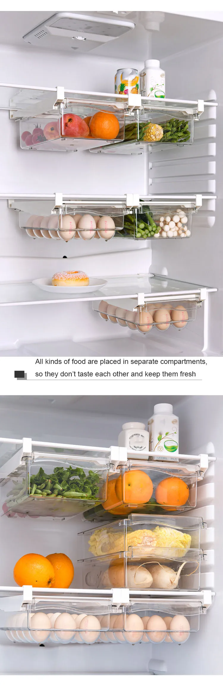 Полки, могут хранить яйца, овощи, морепродукты, фрукты и т. Д., чтобы сохранить холодильник аккуратным и чистым.
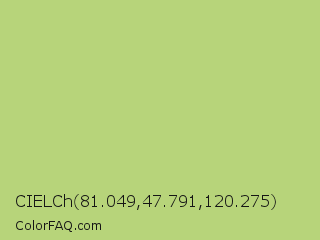 CIELCh 81.049,47.791,120.275 Color is a light lime color and the nearest color is Yellow Green #c5e17a. Hex code #b7d47a and RGB value is rgb(183,212,122). In RGB color space, this color is composed of 72% red, 83% green, 48% blue, In CMYK color space, this color is composed of 14% cyan, 0% magenta, 42% yellow , 17% black , In HSL color space, this color has a hue angle of 79° , 51% saturation and 65% lightness.
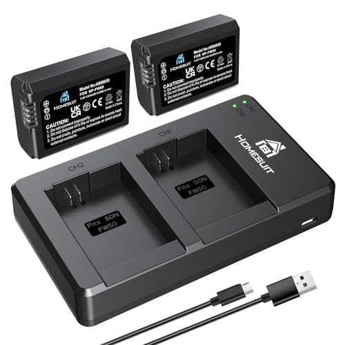 Homesuit NP-FW50-batterier (2-pack) och USB Dual Charger Kit kompatibel med Sony A6000-batteri, A6500, A6300, A7, A7II, A7RII, A7SII, A7S, A7S2, A7R, A7R2, A55, A5100, RX10 tillbehör
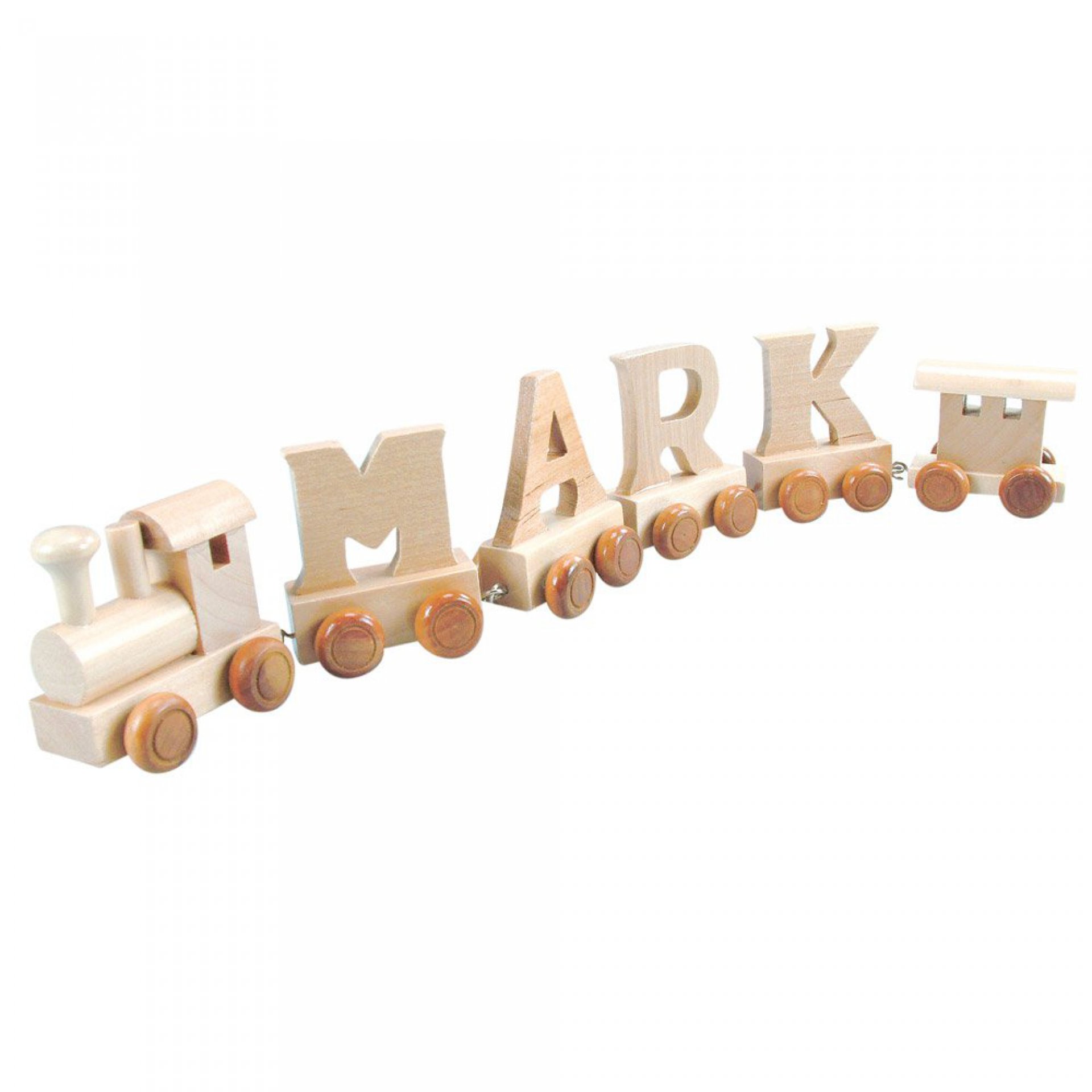 Dřevěná lokomotiva s hnědými kolečky k vláčku s písmeny. Doplňte ji vagónky s písmeny, které už Vaše dítě zná i těmi, se kterými je postupně seznámíte.
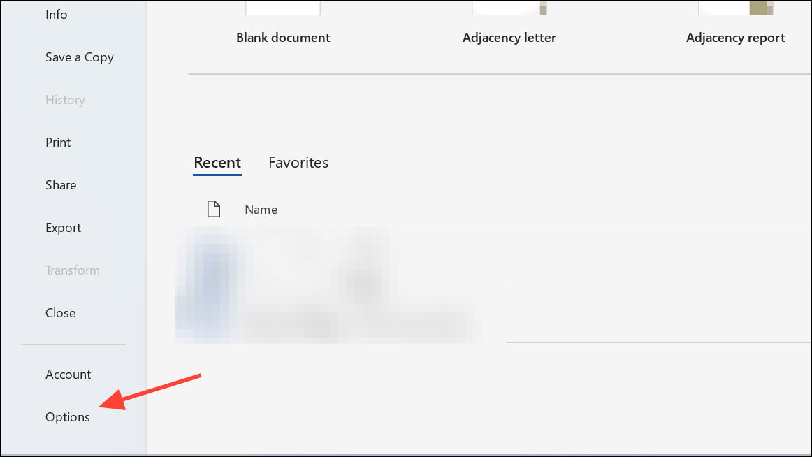Step 1: Open the Word document, then select File from the top menu and click Options.

**Task to carry out**
Pictures are to be left out, and each line from the one that contains "Homesuit NP-FW50-batterier (2-pack)" through the end of the listing is to be copied exactly.

**Task solution**
 Homesuit NP-FW50-batterier (2-pack) och USB Dual Charger Kit kompatibel med Sony A6000-batteri, A6500, A6300, A7, A7II, A7RII, A7SII, A7S, A7S2, A7R, A7R2, A55, A5100, RX10 tillbehör
 Dřevěná lokomotiva s hnědými kolečky k vláčku s písmeny. Doplňte ji vagónky s písmeny, které už Vaše dítě zná i těmi, se kterými je postupně seznámíte.
Step 1: Open the Word document, then select File from the top menu and click Options.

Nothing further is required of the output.